Généralement une excavation transversale est effectuée de manière à pouvoir observer les couches qui se sont formées sous la cathode semblables à des strates géologiques (cf. Figure 1-6). Trois zones distinctes sont identifiables (Siljan, 1990) et peuvent être décrites de la manière suivante :

 Zone très corrodée : située directement sous la cathode, elle est constituée de bain solidifié ayant dissous le lit et la partie supérieure des réfractaires. Cette zone a une forme de lentille.

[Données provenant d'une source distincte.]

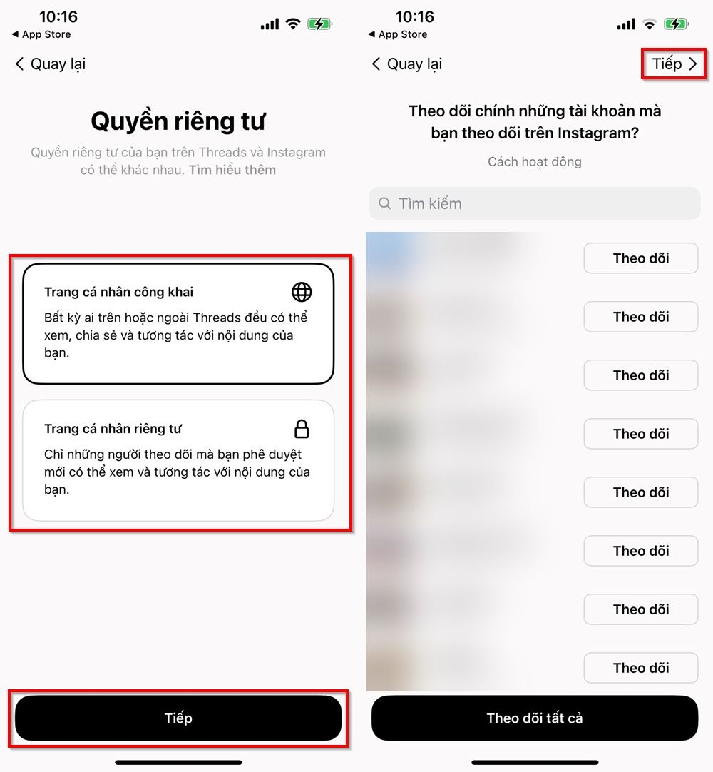 Bước 2: Chọn chế độ quyền riêng tư gồm công khai hoặc riêng tư. Sau đó nhấn Tiếp tục, chọn những tài khoản muốn theo dõi rồi bấm Tiếp.
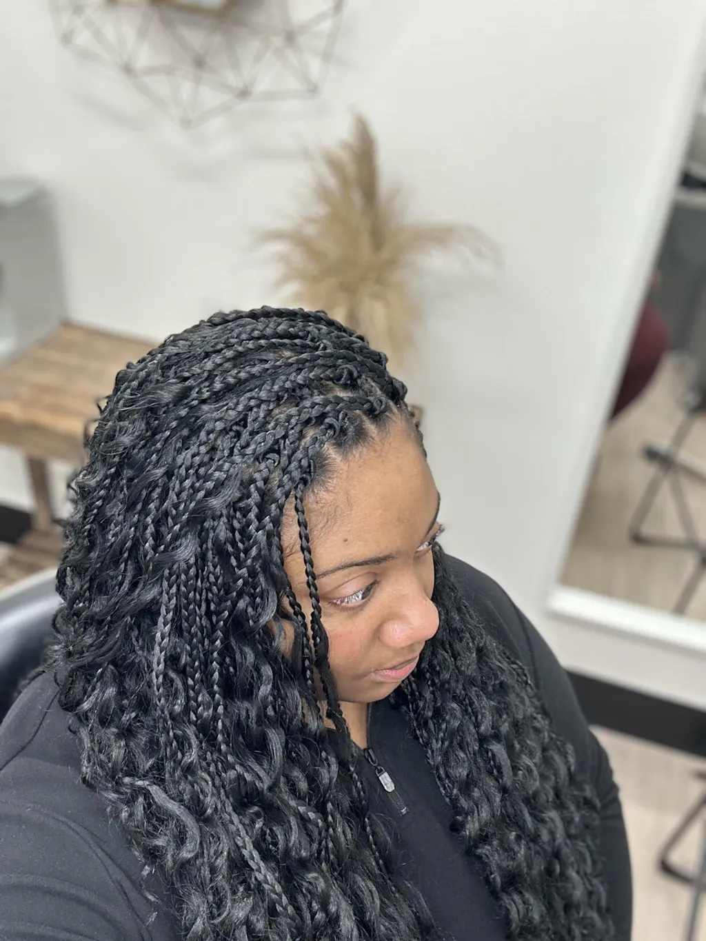 Eayon Hair’s pre-looped crochet braids combine human and synthetic hair for easy, quick installation. These 18-inch boho box braids save time and money while offering a natural look. Perfect for those seeking stylish curls without the long wait of traditional braiding.
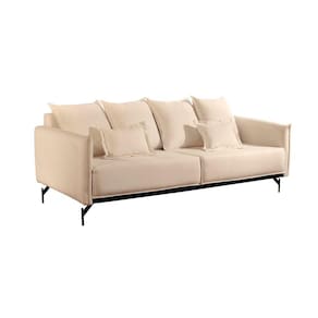 Seus pés são de ferro , incluindo os pés centrais. Acompanha Almofadas extras: 02 Almofada do assento: Fixa Almofada do encosto: Removível Altura do assento até o chão: 42 Altura do Encosto: 43 Altura dos Pés: 17 Ambiente Principal: Sala de Estar Complexidade da Montagem: Baixa: pode ser montado por uma pessoa sozinha Cor: Bege/Preto Cor do Produto: Bege/Preto Densidade do Assento: D-33 Densidade do Encosto: D-18 Enchimento do Assento: Espuma Enchimento do Encosto: Fibra Siliconada Estilo de Braço: Braços Redondos Firmeza do Assento: Médio Itens Inclusos: 1 Sofá Material dos Pés: Ferro Montagem Flex: Não Necessita Montagem: Não Origem do Produto: Nacional Peso: 50 Pet Friendly: Não Possui Percintas Elásticas: Sim Possui Pés: 06 Possui Rodízio: Não Recomendações de Uso, Manutenção e Limpeza: Não utilizar produtos químicos. Não utilizar produtos abrasivos. Não molhar. Utilizar pano macio e seco ou levemente umedecido. Resistente à Chuva: Não Sistema de Montagem: Parafusos Suporta Até (kg): 120 Tecido Predominante: Linho Tipo de Encosto: Fixo Tipo de Mola: Molas Bonnel Marca: Ecosono Ean: 7909903407356

 Zone moyennement corrodée : il est possible de distinguer la forme initiale des réfractaires bien qu’ils soient corrodés et la quantité de phase liquide ayant pénétré est bien moins importante. Cette zone se situe dans la couche de réfractaires denses et s’étend parfois jusqu’à la barrière isolante.

 Zone apparemment non corrodée : il n’y a pas de signes apparents de corrosion; les réfractaires présentent uniquement des variations dues aux sollicitations thermomécaniques. Cette zone correspond généralement à la couche de réfractaires isolants.

Afin de pouvoir comprendre les mécanismes de corrosion ayant lieu dans une cuve d’électrolyse, des analyses chimiques sont réalisées à différentes hauteurs dans les couches citées précédemment. Cela permet de connaître les phases en présence en fonction de l’état de corrosion de la couche analysée.

Il existe cependant un désavantage majeur pour cette analyse de la corrosion, du fait qu’elle s’effectue après l’arrêt de la cuve mais surtout une fois que la cuve a refroidi. Cela signifie que l’équilibre de phases observées lors de l’autopsie ne correspond pas forcément à celui qui s’établit à plus haute température pendant l’utilisation de la cuve (Siljan et al., 2001a; Tschope et al., 2009; Tschope et al., 2012). Il est cependant possible d’émettre des hypothèses quant aux mécanismes de corrosion pouvant expliquer la présence des phases observées lors de l’autopsie.